L'UMP a décidé de ménager l'UDF en ne désignant, "pour le moment", aucun candidat aux législatives de 2007 contre la trentaine de députés du parti de François Bayrou, avec qui Nicolas Sarkozy pourrait être amené à négocier entre les deux tours de la présidentielle. — Robert François AFP/Archives

Nicolas Sarkozy n'est pas à une contradiction près. Après avoir affirmé il y a quelques jours que «le concept même d'élection dépolitisée est absurde», il a affirmé mardi qu'il ne souhaitait pas «se mêler de la campagne municipale». Un propos d'autant plus paradoxal qu'il l'a tenu à Pau (Pyrénées-Atlantiques), où il est venu soutenir Yves Urieta, maire ex-PS et parrainé par Gauche moderne de Jean-Marie Bockel.
 
Un candidat que souhaite défier François Bayrou, qui, pas rancunier, est venu accueillir le chef de l'Etat sur le tarmac de l'aéroport. Les deux ex-candidats à l'élection présidentielle se sont salués et le chef de l'Etat a dit à François Bayrou: «Naturellement, tu viens avec nous» pour le reste de la visite. Le député des Pyrénées-Atlantiques a décliné, car «les parlementaires n'ont pas été invités». «Je suis venu à l'aéroport car je suis très attaché au respect des principes républicains», a-t-il précisé.
 
«Les principes républicains c'est bien, mais il y a aussi l'amitié», a observé le chef de l'Etat. «J'ai pu vérifier que l'amitié prenait des formes diverses», a répondu le troisième homme, non sans ironie. Une pique que Nicolas Sarkozy a jugé raisonnable d'ignorer.
 
Sarkozy soutient Juppé qui soutient Bayrou que ne soutient pas Sarkozy
 
Mais son choix en faveur d'Yves Urieta ne fait pas l'unanimité au sein de l'UMP. Le maire de Bordeaux, Alain Juppé, à qui le chef de l'Etat avait rendu visite un peu plus tôt dans la journée, soutient ainsi publiquement le dirigeant du MoDem. «En Aquitaine, les gens font la distinction entre les choix politiciens et l'intérêt d'une ville», explique  François Bayrou, contacté par 20minutes.fr.

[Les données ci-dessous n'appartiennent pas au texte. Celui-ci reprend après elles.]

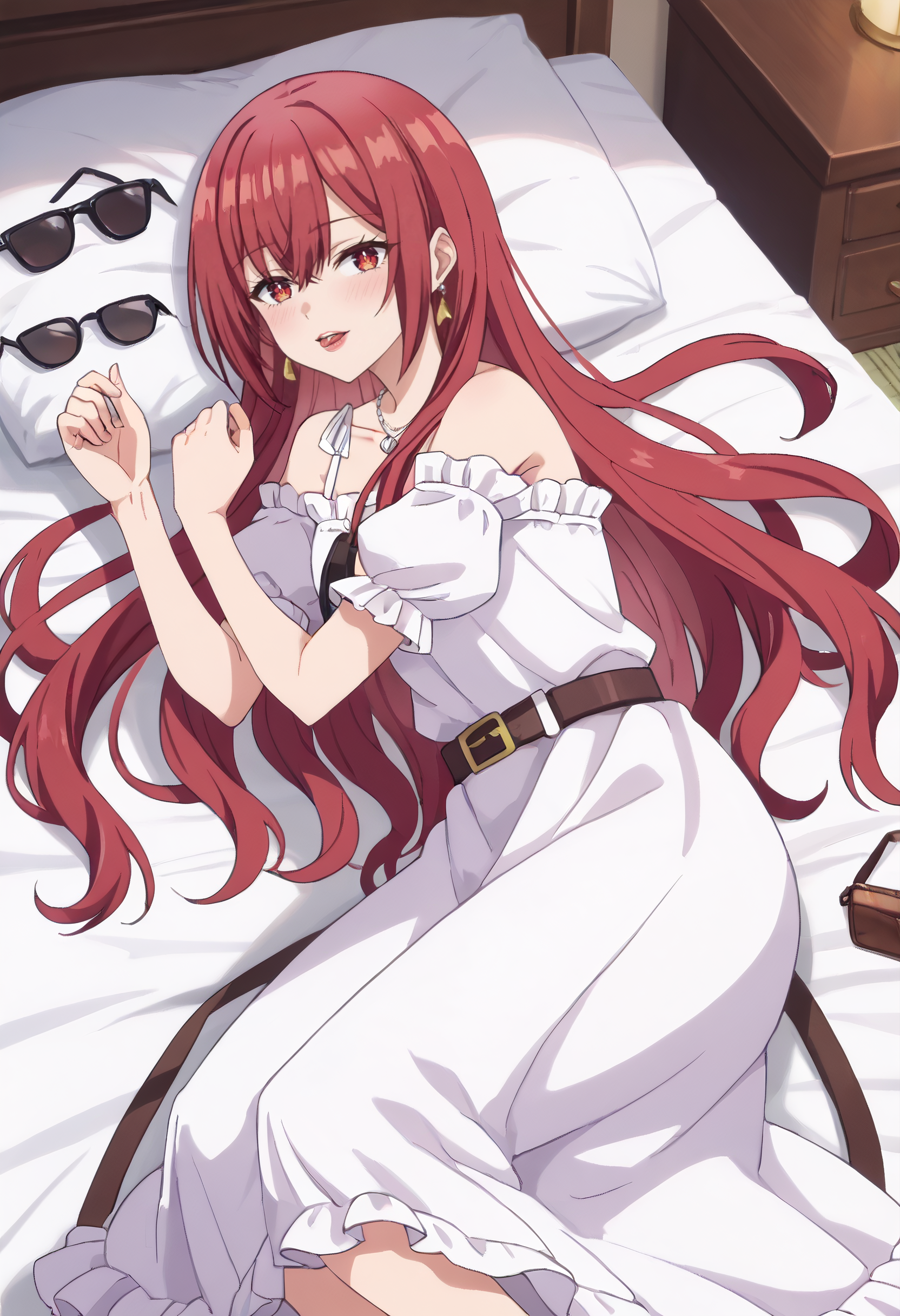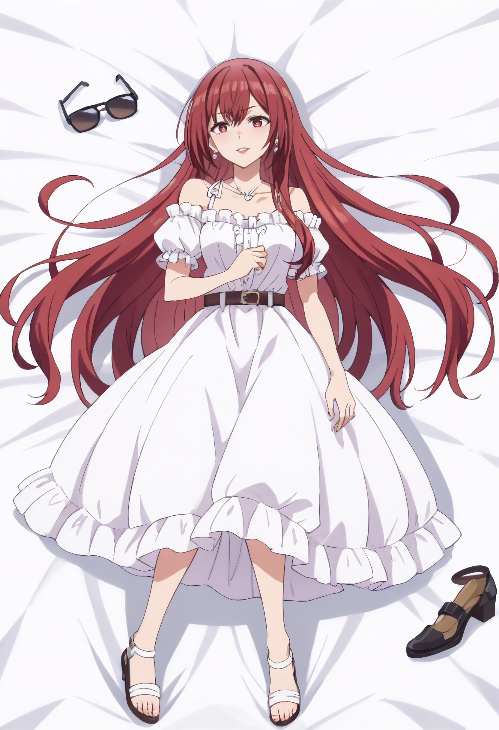 KurehaFrilled, 어깨 노출, 보석, 드레스, 목걸이, 견갑골, 어깨 드레스, 흰색 드레스, 짧은 소매, 귀걸이, 풍선 소매, 프릴, 풍선 짧은 소매, 벨트, 검은 벨트, 선글라스,

S'il dit ne pas vouloir «découper l'électorat en étiquette», il espère bien récupérer les voix UMP qui «contestent» le champion présidentiel.
 
Selon lui, la divergence de points de vue entre Nicolas Sarkozy et Alain Juppé prouve qu'il «y a de l'eau dans le gaz» à l'UMP sur la question. Si le chef de l'Etat ne le soutient pas, c'est uniquement une «conséquence de mon refus de ne pas rejoindre la majorité présidentielle», s'énerve François Bayrou.
 
Qui a décidé depuis septembre d'apporter toutefois son soutien à l'UMP Alain Juppé. «C'est un bon maire, Bordeaux a beaucoup changé sous sa mandature», défend François Bayrou. Qui n'est pas non plus à une contradiction près.